= Cannabis in Guyana =

Cannabis in Guyana is illegal for all uses, but is both grown and consumed in the nation. Possession of 15 grams or more can result in charges of drug trafficking.

==History==
===Indian community===
As in other parts of the British Caribbean, arriving indentured labourers from India brought the custom of smoking ganja with them, but this habit had fallen from fashion by the early part of the 20th century.

===Early legislation===
In 1861, British Guiana passed a law entitled An Ordinance to Regulate the Sale of Opium and Bhang.

===Indian Hemp Ordinance===
British Guiana passed its Indian Hemp Ordinance in 1913.

===Rastafarian usage===
In the 1970s, the Rastafari philosophy gained popularity in Guyana, and along with it came an increased interest in cannabis.

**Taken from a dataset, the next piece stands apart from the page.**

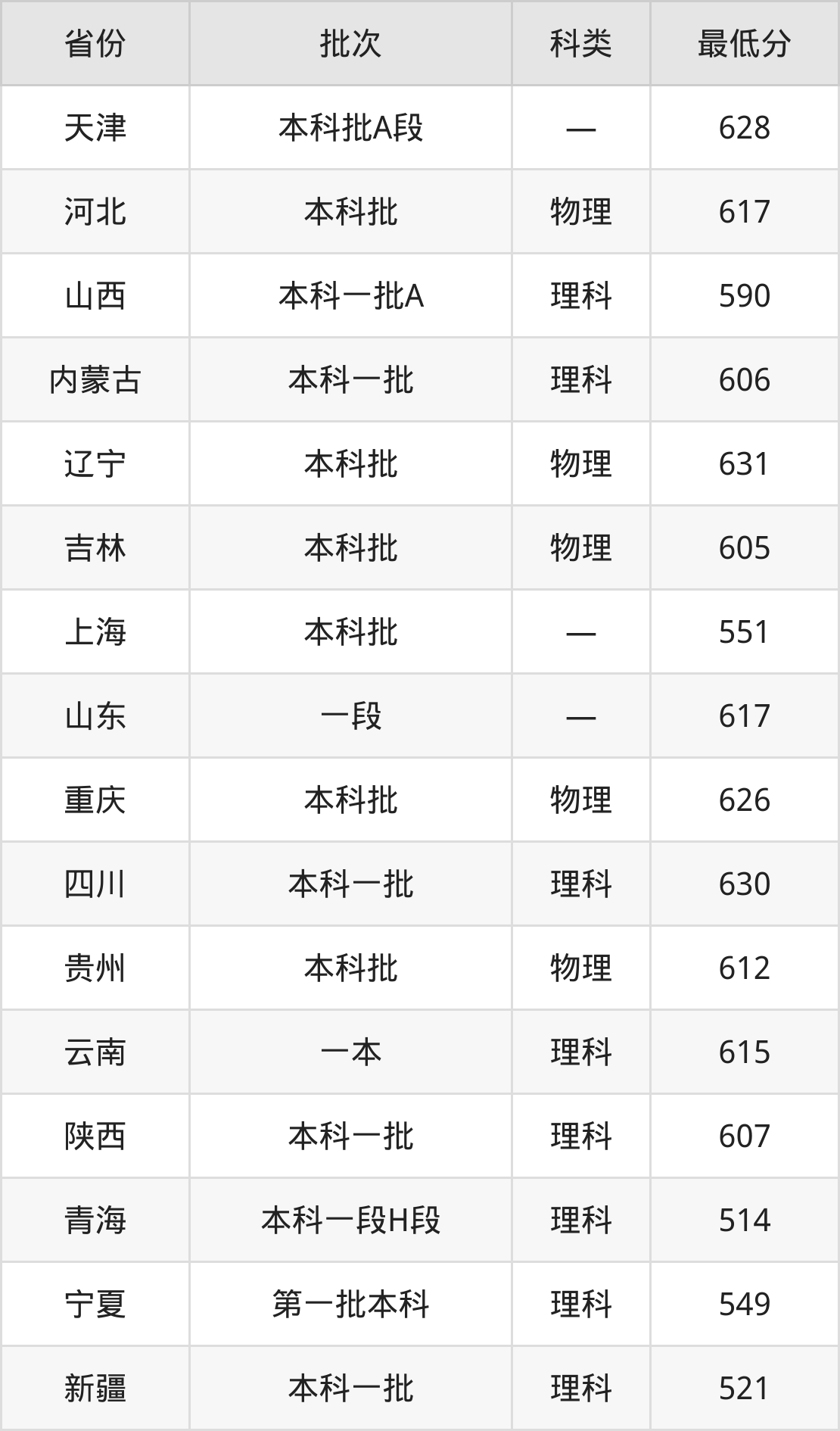 苏州大学机械工程专业录取分数线从514分到631分不等,在部分地区的最低分数线如下:

In 2015, Guyanese Rastafarians staged a demonstration at the Attorney General's office calling for the decriminalization of cannabis, spurred by the recent arrest of former football star Vibert Butts.

==Prevalence==
The 2006 UN World Drug Report estimated that 2.6% of Guyanese age 15-64 had used cannabis that year, and as of 2009 it was reported as the most prevalent drug in the country.

==Production==
Cannabis is generally sold within Guyana, rather than trafficked abroad. Its cannabis grows year-round, and is of a high grade, but is largely consumed locally rather than exported.

==Enforcement==
Anti-cannabis operations are conducted by both the drug enforcement unit (founded in 1975) of the Guyana Police Force and by the Guyana Defence Force.

In 1987, a Guyanese Member of Parliament was arrested in Fort Lauderdale, Florida, for possession and sale of cannabis.